Black Lives Matter Ontario board member Raquel Sandoval-Gonzalez says while she now lives in Seattle, she is organizing in Ontario because she was born and raised in the town. (The Enterprise/Kezia Setyawan)

ONTARIO – Black Lives Matter Ontario is working with the city on its directional signs to ensure they accurately represent the ethnic groups that make up Ontario.

BLM Ontario members first heard discussion of the city’s ongoing wayfinding system project, which is the decorative signs that guide people throughout a city, including representation of different ethnic groups in Ontario when one of its board of directors, Jennifer Yano, sat in on one of Ontario’s Diversity Advisory Committee meetings. Raquel Sandoval-Gonzalez, who is on the BLM Ontario board, said that her group’s members then brought up their concerns that the groups weren’t being represented appropriately during subsequent conversations with Ontario City Manager Adam Brown.

The Boise design agency Trademark Design and Fabrication was hired by the city to work on the signs, said Brown. Trademark came up with the idea to “celebrate our cultural diversity here” by creating ethnically representative mosaics on some of the signs.

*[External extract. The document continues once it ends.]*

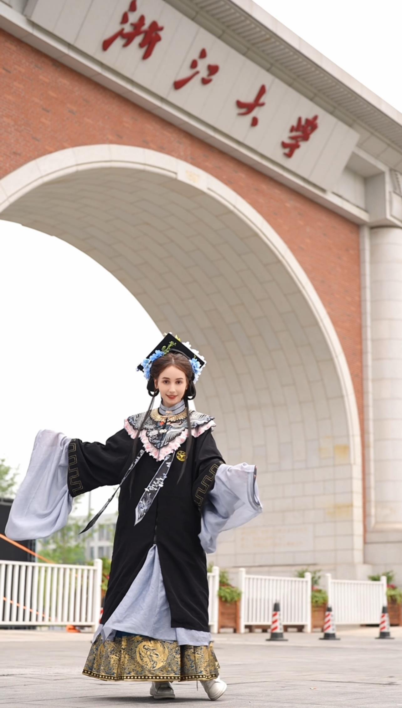 安心冉:所有的評(píng)論都在說(shuō)很漂亮呀或者很適合你,或者恭喜你畢業(yè)了,我就覺(jué)得很感動(dòng)。因?yàn)槲沂亲x元明清文學(xué),能穿明代的衣服畢業(yè),我很開心。我穿的那套學(xué)士服云肩的形狀就是四合如意,蘊(yùn)含了人生順?biāo)斓拿篮米8?。胸前的圖案是丹鳳朝陽(yáng),它寓意著賢德的人前途光明。我覺(jué)得中國(guó)的學(xué)士服比西方的學(xué)士服更有意義。

“Essentially, all these different triangles are kind of quilted together to form a really neat pattern that alludes to the history of the community,” said Brown.

The ethnic groups proposed for representation, Sandoval-Gonzalez said, were Mexicans, Native Americans, Basque and Japanese. But BLM Ontario members had an issue with a fifth group that was planned for the project — the “farmer, cowboy mosaic,” which represents “Western frontiersman culture,” said Brown.

“We immediately had some questions for the city manager and the city council,” said Sandoval-Gonzalez. “The cowboy option was the one that we were like, ‘OK, that’s not an ethnic group. That’s a job.’ So we narrowed it down to the four ethnicities that they had selected.”

It is unclear whether the city will keep the cowboy mosaic, but Brown said the discussion “made me think” and the concerns will be addressed once the ethnicity designs are submitted.

Sandoval-Gonzalez said members asked how Trademark came up with the proposed designs for each ethnic group, “and it turned out that they hadn’t really done a whole lot of research or hadn’t really incorporated local organizations in their research.”

“So we proposed to the city manager at our last meeting the different organizations that we could reach out to who might be able to at least, you know, say, ‘Yes, that’s a representative design’ or ‘No, that’s totally not in line with what the heritage or culture of those ethnicities is in this area,’” said Sandoval-Gonzalez.

Sandoval-Gonzalez said Black Lives Matter members suggested the city check the designs with the Hispanic Cultural Center of Idaho in Nampa for the Mexican mosaic, the Burns Paiute and Shoshone tribes for the Native American mosaic, the Ontario Basque Club for the Basque mosaic and the local Japanese American Citizens League for the Japanese mosaic.

However, she said Brown felt it would be best if BLM members reached out to the groups instead since they had been working with some of them, such as the Burns Paiute tribe, previously.

Now, Sandoval-Gonzalez and Yano are working on contacting each organization and getting feedback on the designs proposed by Trademark.

“And then if they are accurate, we’ll just let the city manager and Trademark know that they’re good to go,” said Sandoval-Gonzalez. “But if they’re not, I think the next step would be to connect [the organization] with Trademark and figure out what it is that would be more representative.”

Brown said when Trademark submitted the mosaic designs, the company sought feedback and were “excited to hear” that they would be getting it “directly from those populations.”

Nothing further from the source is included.